==== Source data
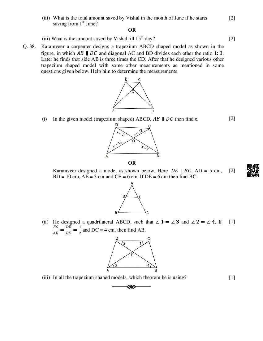 Class 10 Question Paper 2024-25 Maths (Half Yearly) View Download
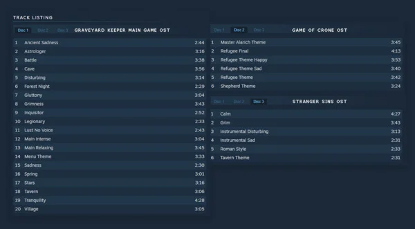 The complete soundtrack used in Graveyard Keeper.
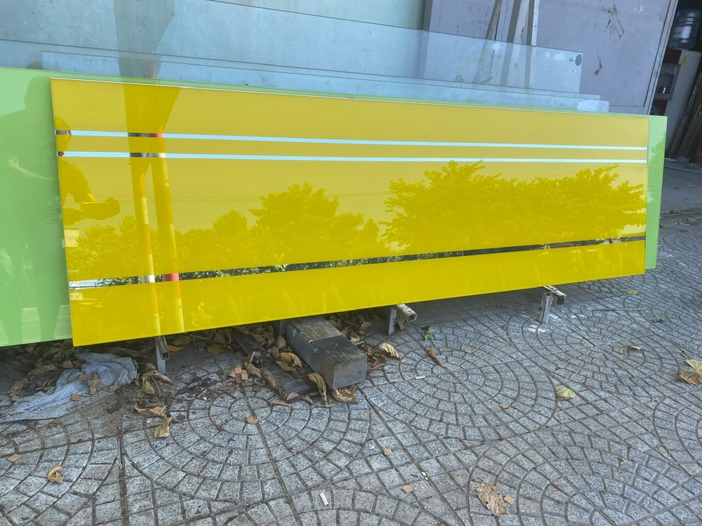 • Kính Ốp Bếp Sơn Màu: Đây là loại phổ biến nhất. Kính ốp bếp sơn màu được làm từ kính cường lực 8mm, sau đó được sơn phủ một lớp sơn chuyên dụng ở mặt sau. Quy trình gia công kính này đảm bảo màu sắc đồng đều, bền đẹp và không bị trầy xước trong quá trình sử dụng. Bạn có thể dễ dàng chọn màu theo phong thủy, sở thích hoặc màu sơn tường để tạo nên một tổng thể hài hòa.
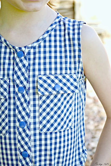 Good rompers are hard to find and this one is just perfect! I love the simple lines and the details. Button placket, cuffs and front pockets. I chose to have fun with the gingham print and cut the neckband, waistband, pockets, and cuffs diagonally. It gives it a fun detail. I also put in eyelets and used twill tape for the waist band instead of elastic. Any opportunity I get to use twill tape, I do. I just love it!
========
> _What you need to do_
Reproduce, unchanged, each line between the one with "The complete soundtrack" and the last line of the material, both included; the pictures do not go in.

> _Exercise response_
 The complete soundtrack used in Graveyard Keeper.
 • Kính Ốp Bếp Sơn Màu: Đây là loại phổ biến nhất. Kính ốp bếp sơn màu được làm từ kính cường lực 8mm, sau đó được sơn phủ một lớp sơn chuyên dụng ở mặt sau. Quy trình gia công kính này đảm bảo màu sắc đồng đều, bền đẹp và không bị trầy xước trong quá trình sử dụng. Bạn có thể dễ dàng chọn màu theo phong thủy, sở thích hoặc màu sơn tường để tạo nên một tổng thể hài hòa.
 Good rompers are hard to find and this one is just perfect! I love the simple lines and the details. Button placket, cuffs and front pockets. I chose to have fun with the gingham print and cut the neckband, waistband, pockets, and cuffs diagonally. It gives it a fun detail. I also put in eyelets and used twill tape for the waist band instead of elastic. Any opportunity I get to use twill tape, I do. I just love it!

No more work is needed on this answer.